God sends us crosses to bear of His own choosing because our sinful flesh still wants to make an idol out of all the glory it can possibly lay its eyes on.  Consider the Disciples in our Gospel reading.  These were the same three Apostles who accompanied Jesus to the Garden of Gethsemane where Jesus sweat blood as He prayed to His Father that He might take the cup of His wrath away.  These same three Apostles – Peter, James and John – could not stay awake. 
Isn’t that how it goes?  When there is something glorious to see and hear, our sleepiness is whisked away and we, like Peter, become fully alert and will do anything to keep that glory with us.  But when we see pain, when we see the agony and misery that sin causes, when we see things that look bad and make us feel bad, we grow tired and weary and it becomes hard to even pay attention to what God wants to teach us.  It is especially at times like this when we, like Peter, are tempted to determine what is good by how much glory we see. 
But it is at times like this that God graciously interrupts us – often with suffering that we cannot make sense out of – but He tells us to stop talking and grasping for whatever glitters and glistens, and listen to Jesus.  It is only by listening to Him that we can learn what He wants to teach us.  And what does Jesus teach us?  He shows us on His cross that there is nothing that we ought to suffer that He did not suffer for us.  There is nothing that we do suffer or will suffer that He does not suffer with us.  We live our lives under the shelter of the cross on which our Savior died.  Trusting in His blood shed for us we also trust that His cross sweetens every cross that God places upon us to endure.  But God sends these crosses to us not to punish us or forsake us but to drive us ever closer to Him and His word. 

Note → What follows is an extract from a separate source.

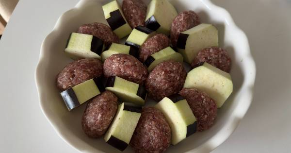 4Yuvarlak fırın kabına, bir köfte bir patlıcan olacak şekilde yan yana dizin. Üzerine zeytinyağı gezdirin.

Sometimes we go without what we think we need.  We lose money, health, friends, sometimes even our good name.  And with such loss, we also suffer.  We suffer pain, anxiety, heartbreak, and, of course, the feeling of guilt over our sins.  We talk to God and God is always willing to listen to us.  But there are times when He must interrupt us for our own good because we don’t know what we are talking about.  When things are going just the way we want and we tell God that it is good to be here, He just might have a different idea of what is good for us.  Our glory – our treasure – is laid up for us in heaven.  Christ’s suffering for us on earth guarantees it and we put our confidence in that suffering.  For now, God knows whether to give us glory to taste or a cross to bear.  We don’t decide.  God does.  Meanwhile we listen to His Son and we continue to receive from Him forgiveness of sins, peace with God, and everything we need for life here and in heaven.